THE closest reference to 200 I've ever read was 180-185...BUT....BUT...BUT THAT was for setting the pitch in softwoods (species group NOT JANKA scale). I just got through building AND running a load through my home built sterilizer only. This is JUST to STERILIZE/KILL the bugs with some AD'd pieces along with parts and pieces of found stumps and roots for displays and decor.



crookedkut said:


> I am not doubting the heat theory at all. My question is why wouldn't a shipping container work if I treated it on the inside just like I would do to a wooden built kiln. The vents, fans and solar panels would still be there. You could probably buy a small shipping container cheaper that what you could pay to build a kiln dryer.
> 
> Sent from my SAMSUNG-SM-G891A using Tapatalk


Crookedkut, YES a shipping container can be used OR a refrigerated (insulated) trailer (as semi). Nyle has kits for this.
I personally use a shed building that are built from the cutouts of insulated metal doors. ....so I have roughly 1 3/4" of urethane sandwiched between steel....RODENT PROOF. NOT the prettiest BUT very functional!!!! The ones in my area are up to 12' wide and 6' to 30' long. I have 3....2 for drying/sterilizing and 1 for safe storage of rodent free area. I just run weatherstripping around the doors and cover the vents.

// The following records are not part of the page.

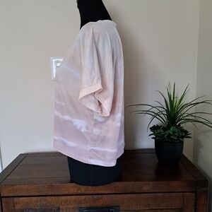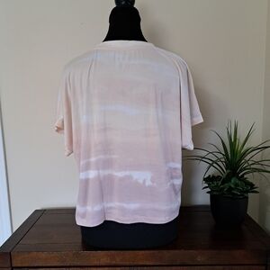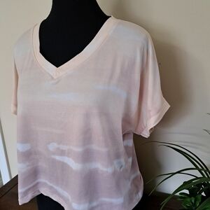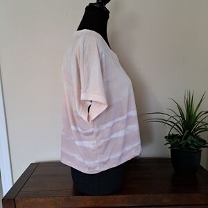 Danskin Short Sleeved Tee Pink Striped Tie Dye Top Women's Large Activewear
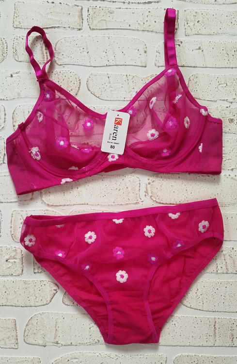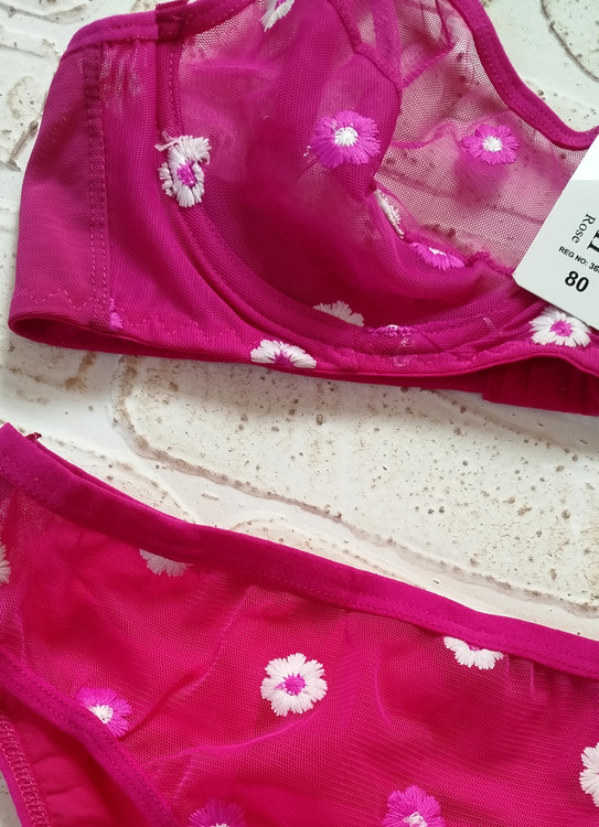ست شورت و سوتین تمام تور با گلهای بابونه رنگ سرخابی تک رنگ سوتین فنردار کیفیت عالی و درجه یک
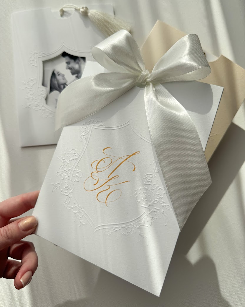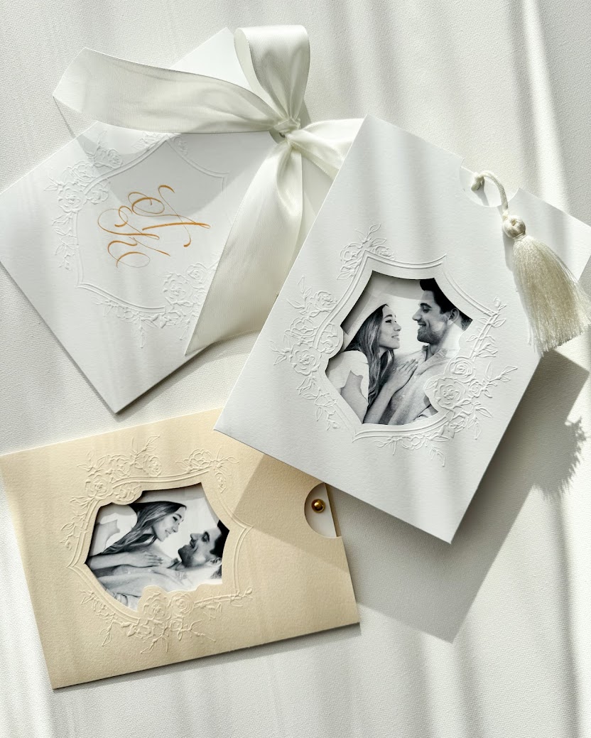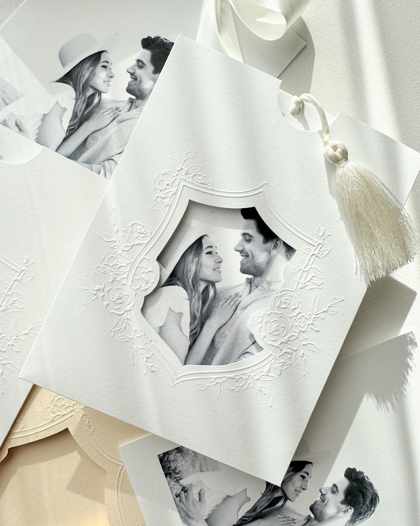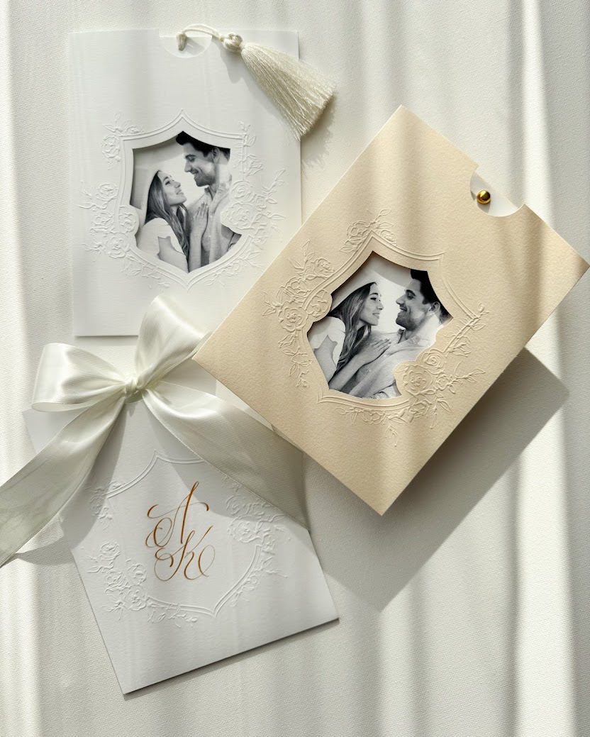 Całość zamknięta jest w kieszonce (300g) ze specjalnym wycięciem na zdjęcie z tłoczeniem wypukłym. Możecie również wybrać opcję kaligrafii imion – wtedy zamiast okienka, na froncie będą kaligrafowane inicjały.
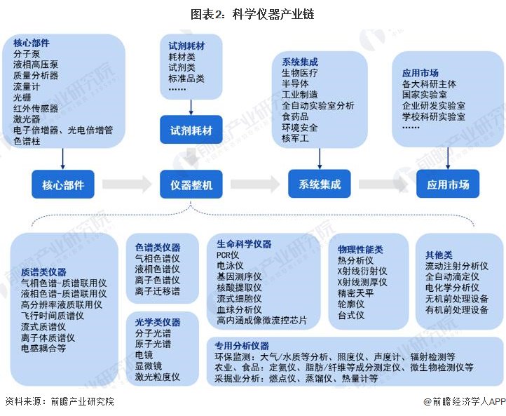 科学仪器行业产业链上游为科学仪器生产制造原材料和零部件供应行业;中游为科学仪器研发制造生产行业;下游为科学仪器需求市场,主要需求者包括各大科研主体、国家实验室、企业研发实验室、学校科研实验室等。
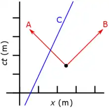 A spacetime diagram is typically drawn with only a single space and a single time coordinate. Fig. 2-1 presents a spacetime diagram illustrating the world lines (i.e. paths in spacetime) of two photons, A and B, originating from the same event and going in opposite directions. In addition, C illustrates the world line of a slower-than-light-speed object. The vertical time coordinate is scaled by so that it has the same units (meters) as the horizontal space coordinate. Since photons travel at the speed of light, their world lines have a slope of ±1.[31]: 23–25 In other words, every meter that a photon travels to the left or right requires approximately 3.3 nanoseconds of time.
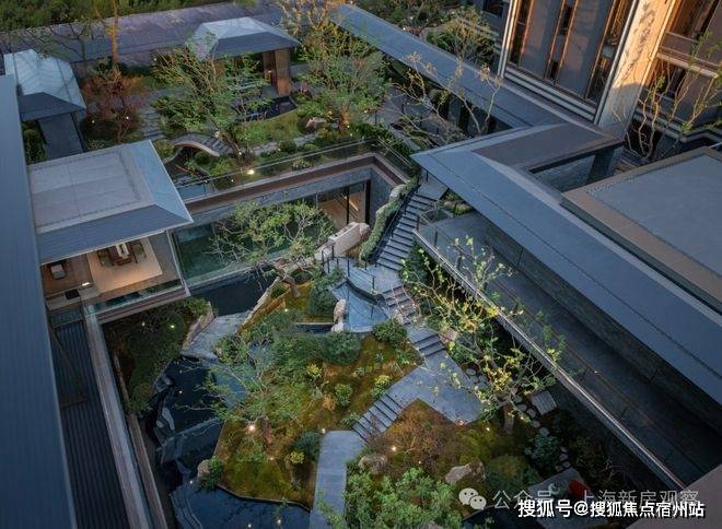 立体庭院,感受一步一景的山水画境 :风雨连廊漫步,耳畔是流水淙淙,眼前是叠石苍松。约460㎡下沉庭院不像景观,更像一幅您就在其中的立体宋画,一草一木,都可触摸、可对话。
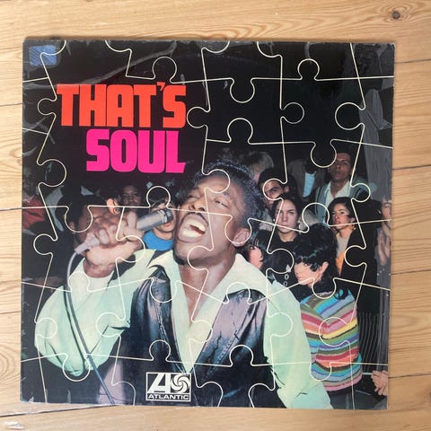 Atlantic That’s Soul lp. Vinylplade med soulmusikudgivelser fra forskellige kunstnere. Omslaget viser billeder og korte tekster om kunstnerne samt oversigt over andre udgivelser i serien. Egnet til afspilning på pladespiller med 33 1/3 rpm (lp-format).
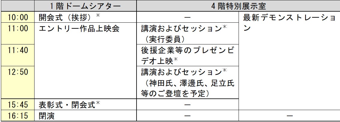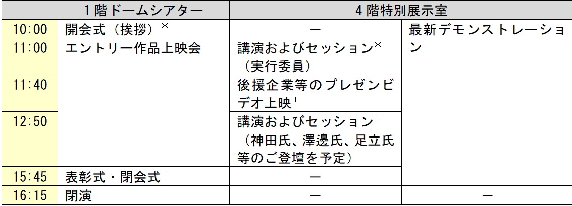 上記表中の*をスクリーン上映すると共に、一部エントリーVR作品をVRゴーグルにて体験いただく予定です。後援企業による最新デモンストレーションは会場の都合により、一部設置となります(詳細は後述いたしております。ご確認ください)。

Sorry no pics unless you research my old threads re" kiln". I also set mine up a little different and use under/updraft heating to gain the most efficiency of my heat source....hot air rises.

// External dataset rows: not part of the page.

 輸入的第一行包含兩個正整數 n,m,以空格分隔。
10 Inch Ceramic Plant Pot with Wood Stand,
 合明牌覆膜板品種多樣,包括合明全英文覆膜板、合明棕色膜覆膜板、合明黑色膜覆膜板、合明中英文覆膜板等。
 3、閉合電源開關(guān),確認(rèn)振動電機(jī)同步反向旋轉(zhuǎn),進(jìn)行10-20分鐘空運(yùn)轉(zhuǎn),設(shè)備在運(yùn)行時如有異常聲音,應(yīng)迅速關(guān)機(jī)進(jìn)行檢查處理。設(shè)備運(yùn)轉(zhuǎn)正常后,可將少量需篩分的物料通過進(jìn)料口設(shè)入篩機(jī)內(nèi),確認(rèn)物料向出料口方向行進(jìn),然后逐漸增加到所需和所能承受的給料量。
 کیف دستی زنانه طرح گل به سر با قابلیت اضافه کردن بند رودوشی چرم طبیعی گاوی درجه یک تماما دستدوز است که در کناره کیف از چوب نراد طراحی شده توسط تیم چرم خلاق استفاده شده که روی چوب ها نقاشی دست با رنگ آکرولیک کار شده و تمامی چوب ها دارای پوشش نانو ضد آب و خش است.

Sorry for not posting sooner, I've been trying to scan the posts/threads BUT NO response time prepping for this show AND work full time also.

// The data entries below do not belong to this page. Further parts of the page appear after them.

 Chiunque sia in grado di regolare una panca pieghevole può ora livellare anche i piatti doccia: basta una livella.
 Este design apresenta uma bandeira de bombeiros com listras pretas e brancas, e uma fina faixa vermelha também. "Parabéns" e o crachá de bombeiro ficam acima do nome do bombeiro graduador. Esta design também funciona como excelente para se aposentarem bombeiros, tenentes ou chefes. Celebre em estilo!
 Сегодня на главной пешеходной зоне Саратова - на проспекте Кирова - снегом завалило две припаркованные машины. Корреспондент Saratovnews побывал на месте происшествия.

Blessings and take time to research a lot of documents....research the writers also.....DON'T take all you read as facts BUT when you have consistant statements start digging deeper in those. I AIN'T doing your leg work, BUT I will help you on your basis fundementals.


----------



## crookedkut (Jan 28, 2018)

I just got another idea. I have a lot (I mean a lot) of brick just stacked in my back yard. I have the mortar mix and rebar. All would need is the concrete for the foundation and I could have the outer was complete. I am now thinking of starting it out of that. Then I would insulate the inside and place the fans and the vents. 

Sent from my SAMSUNG-SM-G891A using Tapatalk


----------